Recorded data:
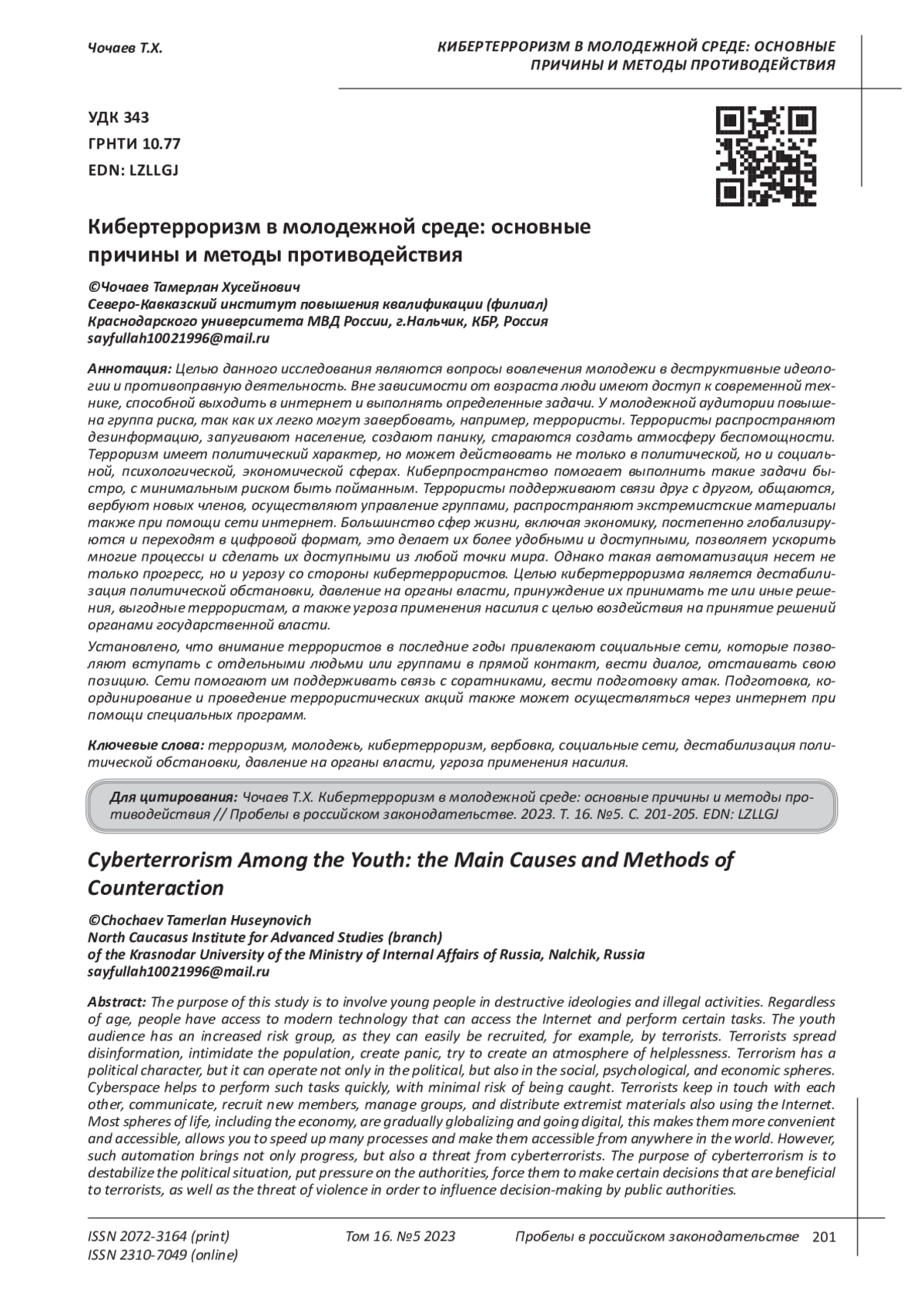 Khamurzov A.T. Cyberterrorism: new challenges and counteraction measures // Journal of Applied Research. 2021. No. 3-2. pp. 74-77.
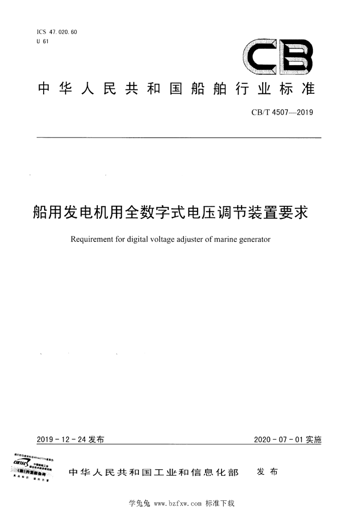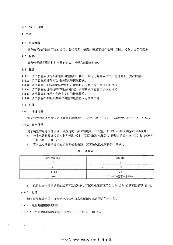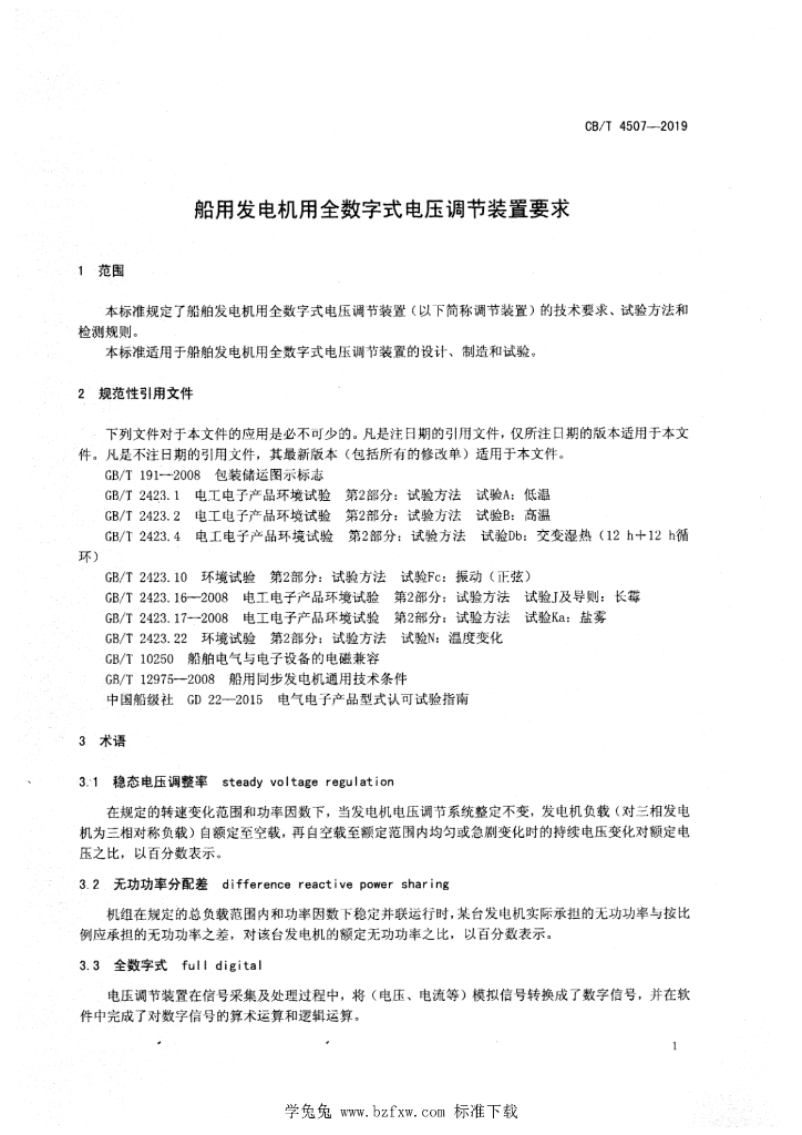 CB/T 4507-2019 船用发电机用全数字式电压调节装置要求
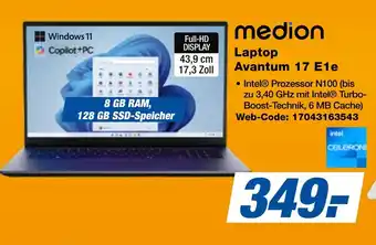 medion Laptop Avantum 17 E1e-Angebot bei expert Techno Land
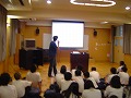 10月8日(火) 16:00〜 梅香中学校多目的室におきまして、第1回エンターテインメントクラブが開催されました。事前の参加希望者52名を上回る54名の参加で行うことができました。講師は前回の開講時に話をされた卒業生の吉田将義さんです。
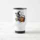 Um dragão barbudo vestindo uma bruxa que se senta ao lado de um jack-o-lanterno brilhante, cercado por folhas coloridas do outono, numa ilustração temática do Halloween.
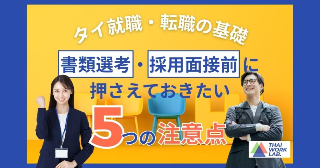 - タイ就職・転職の基礎|書類選考や採用面接前に押さえておきたい5つのポイントタイ就職・転職で避けては通れない「書類選考」と「採用面接」この記事では選考時に押さえておきたい5つのポイントを解説しています。履歴書作成時の注意点や面接で絶対聞かれる質問なども交えてお話ししてみました。
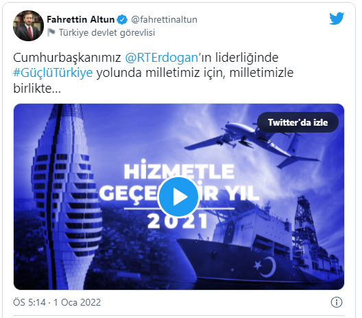 İletişim Başkanı Fahrettin Altun, sosyal medya hesabından, Cumhurbaşkanı Recep Tayyip Erdoğan'ın 118 paylaşımla aktardığı 2021 yılı icraat ve faaliyetlerine ilişkin İletişim Başkanlığı tarafından hazırlanan videoyu paylaştı.
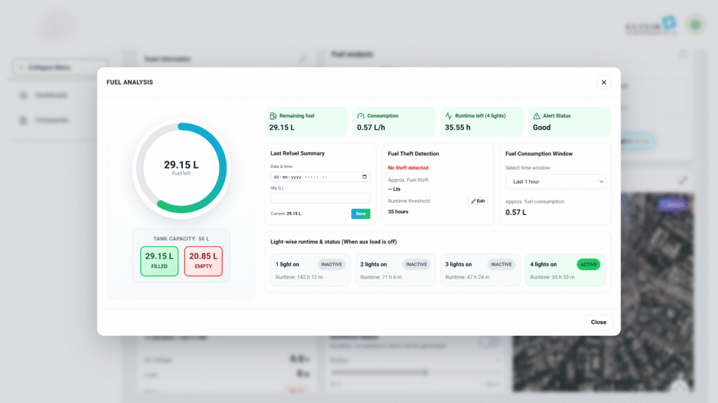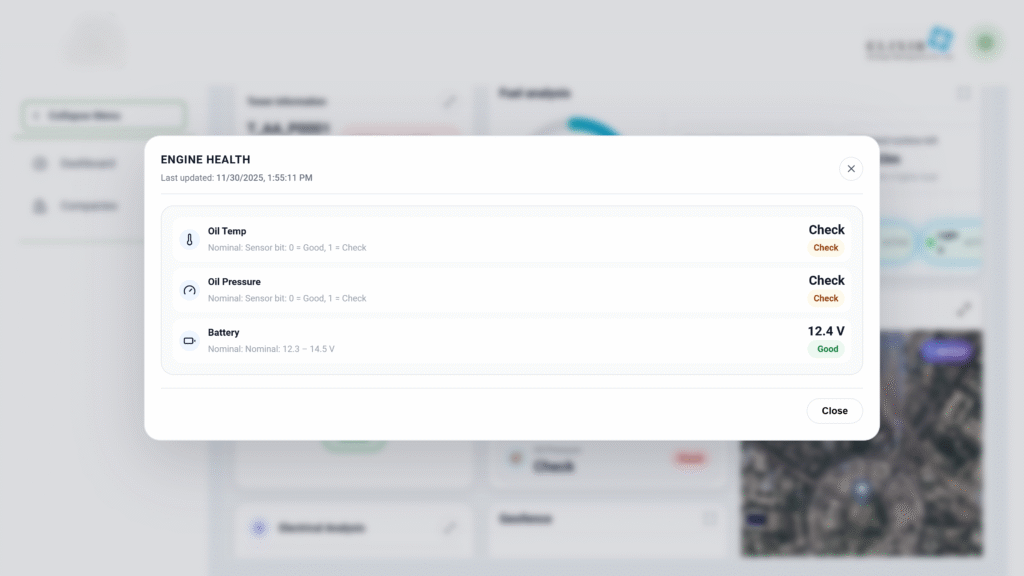 - Calculates service due intervals for oil change, filters, and major overhauls.

[What the exercise asks] Repeat the entries word for word and skip the pictures.

[Reply]
 Khamurzov A.T. Cyberterrorism: new challenges and counteraction measures // Journal of Applied Research. 2021. No. 3-2. pp. 74-77.
 CB/T 4507-2019 船用发电机用全数字式电压调节装置要求
 medion Laptop Avantum 17 E1e-Angebot bei expert Techno Land
 10月8日(火) 16:00〜 梅香中学校多目的室におきまして、第1回エンターテインメントクラブが開催されました。事前の参加希望者52名を上回る54名の参加で行うことができました。講師は前回の開講時に話をされた卒業生の吉田将義さんです。
 Um dragão barbudo vestindo uma bruxa que se senta ao lado de um jack-o-lanterno brilhante, cercado por folhas coloridas do outono, numa ilustração temática do Halloween.
 - タイ就職・転職の基礎|書類選考や採用面接前に押さえておきたい5つのポイントタイ就職・転職で避けては通れない「書類選考」と「採用面接」この記事では選考時に押さえておきたい5つのポイントを解説しています。履歴書作成時の注意点や面接で絶対聞かれる質問なども交えてお話ししてみました。
 İletişim Başkanı Fahrettin Altun, sosyal medya hesabından, Cumhurbaşkanı Recep Tayyip Erdoğan'ın 118 paylaşımla aktardığı 2021 yılı icraat ve faaliyetlerine ilişkin İletişim Başkanlığı tarafından hazırlanan videoyu paylaştı.
 - Calculates service due intervals for oil change, filters, and major overhauls.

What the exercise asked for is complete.